Please clarify. Do you mean new types of music (new genres), or music that is newly released (perhaps new compositions), or just music that is new to you?

Are you saying that people’s musical tastes tend to be fixed at 30 and they just listen to the same old songs? Or, rather, that if they’re fans of bluegrass music generally, they’re never going to start listening to trance?

If I listen to a radio station that plays many things I know and also many things I’ve never heard before, including new releases of old works, does that count or not?

=============

Ah, you changed the question.

rockfan's avatar

In the article, they are simply referring to “discovering new music”.

Which pertains to brand new music recorded recently.

For example, my dad loves soul music, but he doesn’t seek out new soul music that sounds similar to the music he already likes. Instead, he’d rather listen to the soul music he already knows.

rockfan's avatar

For some reason, the link I provided isn’t working. It’s a Business Insider article titled:

“We stop discovering new music at age 30, a new survey suggests”

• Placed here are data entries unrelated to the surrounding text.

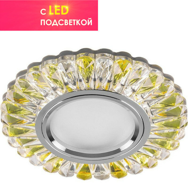Светильник потолочный встраиваемый точечный, MR16 G5.3, с диодной LED подсветкой, 15LED*2835 SMD 4000K, MR16 50W G5.3, прозрачный-желтый, хром, CD916 с драйвером в комплекте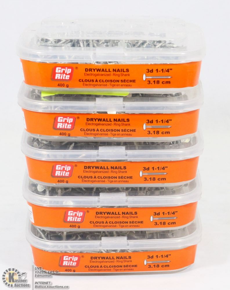 LOT OF 5 400G TUBS GRIP RITE DRYWALL NAILS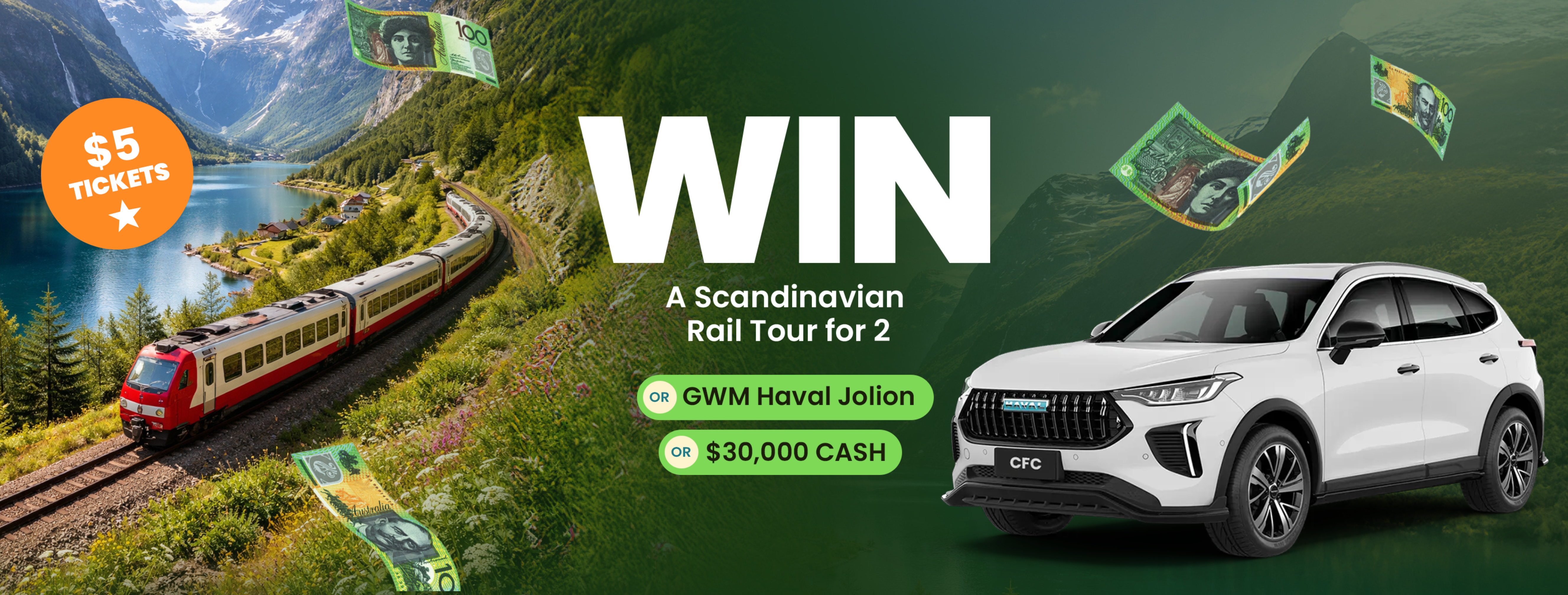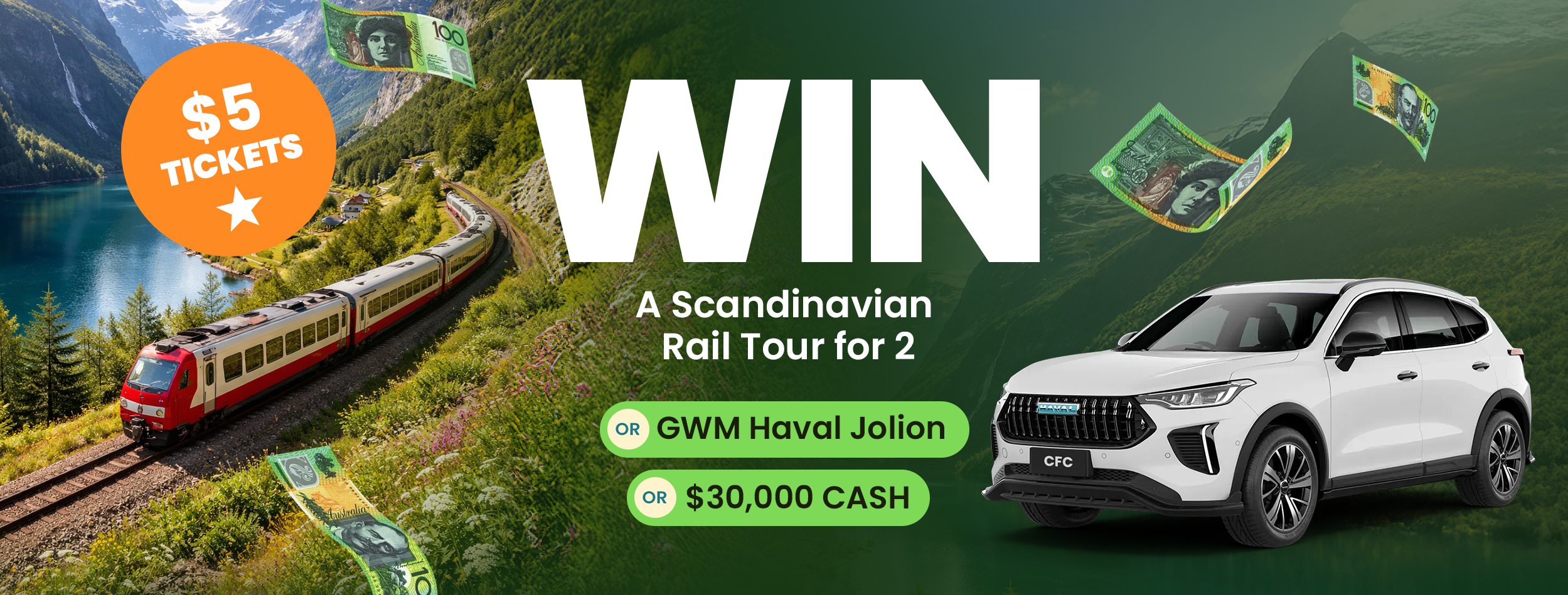 The Grand Prize winner has the choice between a Scandinavian Tour for 2, or a GWM Haval Jolion or $30,000 in cash!

lucillelucillelucille's avatar

I have not stopped.
My brother mixes sound and sends me new stuff that he works on often enough but most of the “new” stuff I seek out is not recent.

hmmmmmm's avatar

My mid-twenties saw a great decline. I had a minor increase in my early 30s, and I will occasionally find something new I like, but for the most part, my consumption of music is a nostalgic exercise.

canidmajor's avatar

Big decline when I became a parent, at 34, then another big uptick when I had a young teenager in the house. Decline again around 55, circumstances again.

Jeruba's avatar

Wondering if the type of music you listened to in the first place tends to limit your openness to new compositions and new genres. If your tradition is Cajun, will you try opera? If your taste runs to classical, will you sample Cajun?

Brian1946's avatar

Probably when I was 66.

The woman who was my singing teacher, gave me her first CD, which I think was made in 2013.

Mama_Cakes's avatar

I’m 48 and I still seek out new music. I hop on over to NPR and check out their “First Listen”. I’ve discovered a lot of great artists that way.

zenvelo's avatar

I stopped listening to new music when I got married at age 35. But I started up again when the marriage ended 15 years later. Since the I have hear a lot of new music and met a lot of musicians.

hmmmmmm's avatar

* Let me also add that I loved music from 15 years old to my mid-twenties. I spent nearly all of my money I earned on cassettes and going to shows. Here in Boston in the 80s, the punk/hardcore, industrial, post-rock, alternative scene was pretty amazing. I would spend my late teens attending at least a couple of shows per week. It was an exciting time.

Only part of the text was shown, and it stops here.